▸ Work order: Return each line of the listing below, unchanged, and omit the images.

··· Data ···

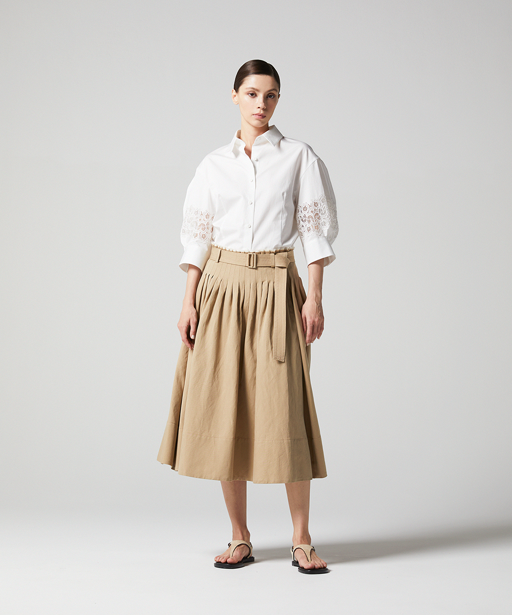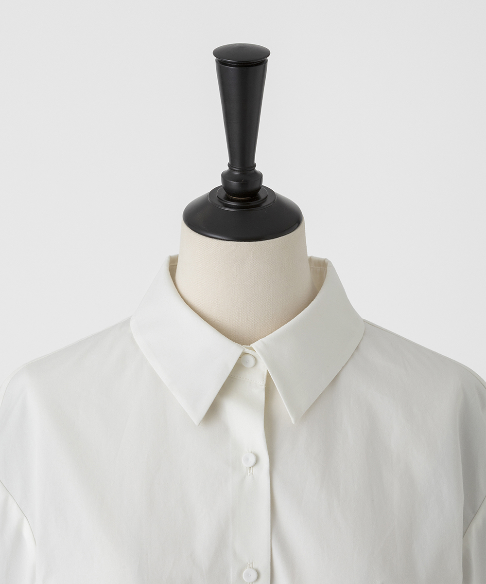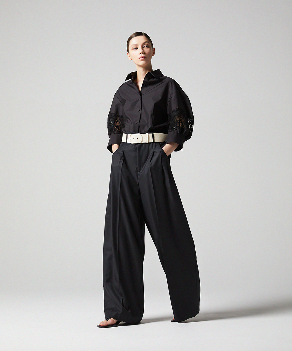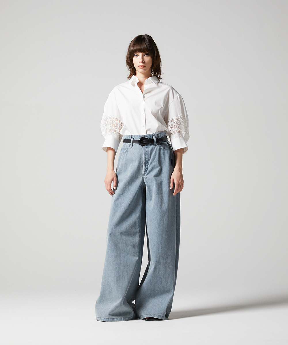 別注したフランスの繊細なレースを袖にあしらった7分袖のシャツ。シャープな衿元で甘くなりすぎないエレガントなシャツです。日本製素材。100/-の細番手コットンを使用したサテン素材は光沢のあるシルキーなタッチが特徴。さらにハリ・コシを持たせる特殊な後加工によって程よい反発感を出しています。EAUVIRE定番の素材です。
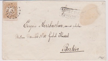 9 Kr. ockerbraun, teils überrandiges Kabinettstück einzeln auf Couvert (rechts kl. Fleck) von München 1867 nach Berlin, sign. Brettl. Mi. 220,-
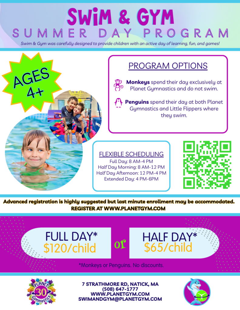 - During our summer program, your child may be doing some activities outdoors. These activities are specified with a picture of a sun on them in the events calendar. Planet Gymnastics will be providing sunscreen and bug spray for your child. If they require a specific type of sunscreen or bug spray please bring it in your child’s bag and let the staff know upon drop off.
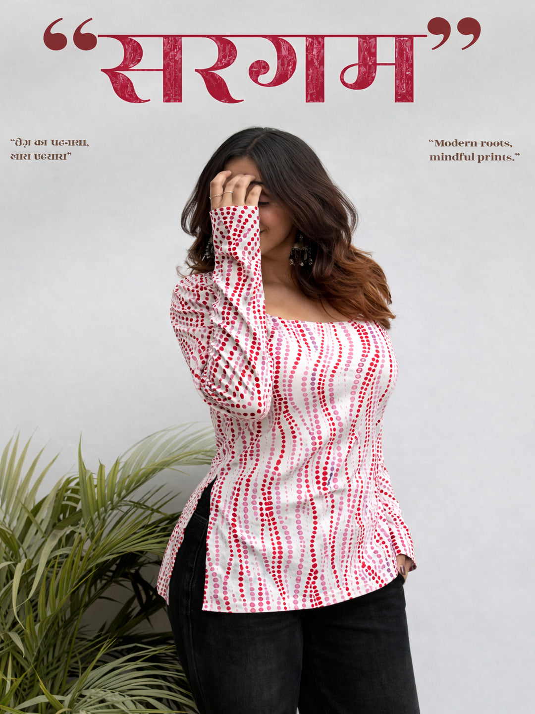 Add a fresh and stylish touch to your wardrobe with this elegant pink abstract printed top. Designed with a flattering square neckline and statement flared sleeves,The soft, breathable cotton fabric ensures all-day comfort, making it perfect for casual outings or relaxed gatherings. Pair it with jeans or ethnic bottoms for a versatile, chic look.
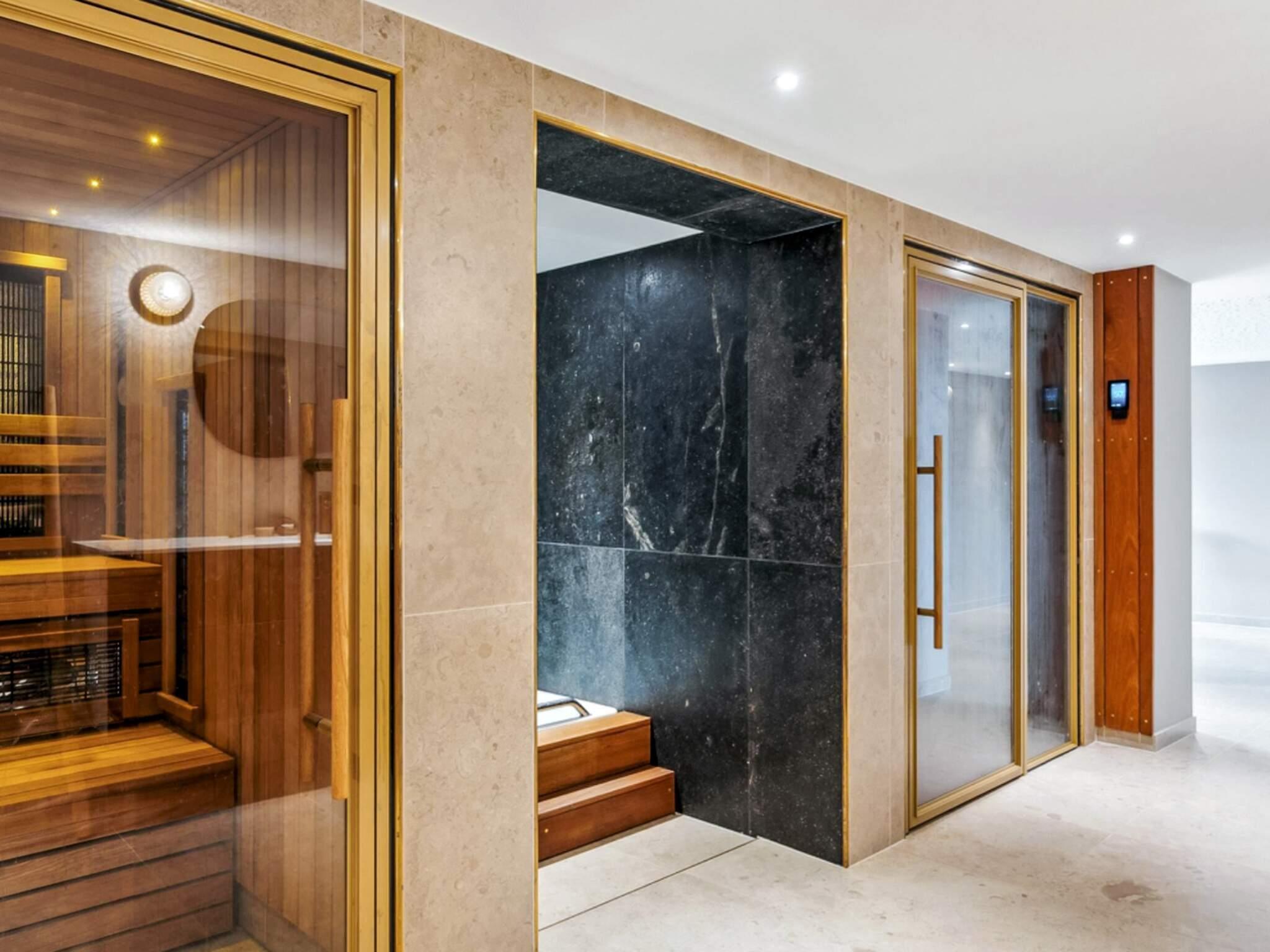 Huset har fire stilfulde soveværelser - tre med dobbeltsenge og et med to dobbeltsenge - samt tre moderne badeværelser, et med badekar og et andet med dampbruser. Nedenunder kan gæsterne nyde en privat hjemmebiograf og et skønt wellness-område med infrarød sauna, dampbad og koldtvandsbassin. Huset har også gulvvarme i både stueetagen og kælderen og drives af en effektiv luft-til-vand-varmepumpe.

···

▸ Answer to the problem:
 別注したフランスの繊細なレースを袖にあしらった7分袖のシャツ。シャープな衿元で甘くなりすぎないエレガントなシャツです。日本製素材。100/-の細番手コットンを使用したサテン素材は光沢のあるシルキーなタッチが特徴。さらにハリ・コシを持たせる特殊な後加工によって程よい反発感を出しています。EAUVIRE定番の素材です。
 9 Kr. ockerbraun, teils überrandiges Kabinettstück einzeln auf Couvert (rechts kl. Fleck) von München 1867 nach Berlin, sign. Brettl. Mi. 220,-
 - During our summer program, your child may be doing some activities outdoors. These activities are specified with a picture of a sun on them in the events calendar. Planet Gymnastics will be providing sunscreen and bug spray for your child. If they require a specific type of sunscreen or bug spray please bring it in your child’s bag and let the staff know upon drop off.
 Add a fresh and stylish touch to your wardrobe with this elegant pink abstract printed top. Designed with a flattering square neckline and statement flared sleeves,The soft, breathable cotton fabric ensures all-day comfort, making it perfect for casual outings or relaxed gatherings. Pair it with jeans or ethnic bottoms for a versatile, chic look.
 Huset har fire stilfulde soveværelser - tre med dobbeltsenge og et med to dobbeltsenge - samt tre moderne badeværelser, et med badekar og et andet med dampbruser. Nedenunder kan gæsterne nyde en privat hjemmebiograf og et skønt wellness-område med infrarød sauna, dampbad og koldtvandsbassin. Huset har også gulvvarme i både stueetagen og kælderen og drives af en effektiv luft-til-vand-varmepumpe.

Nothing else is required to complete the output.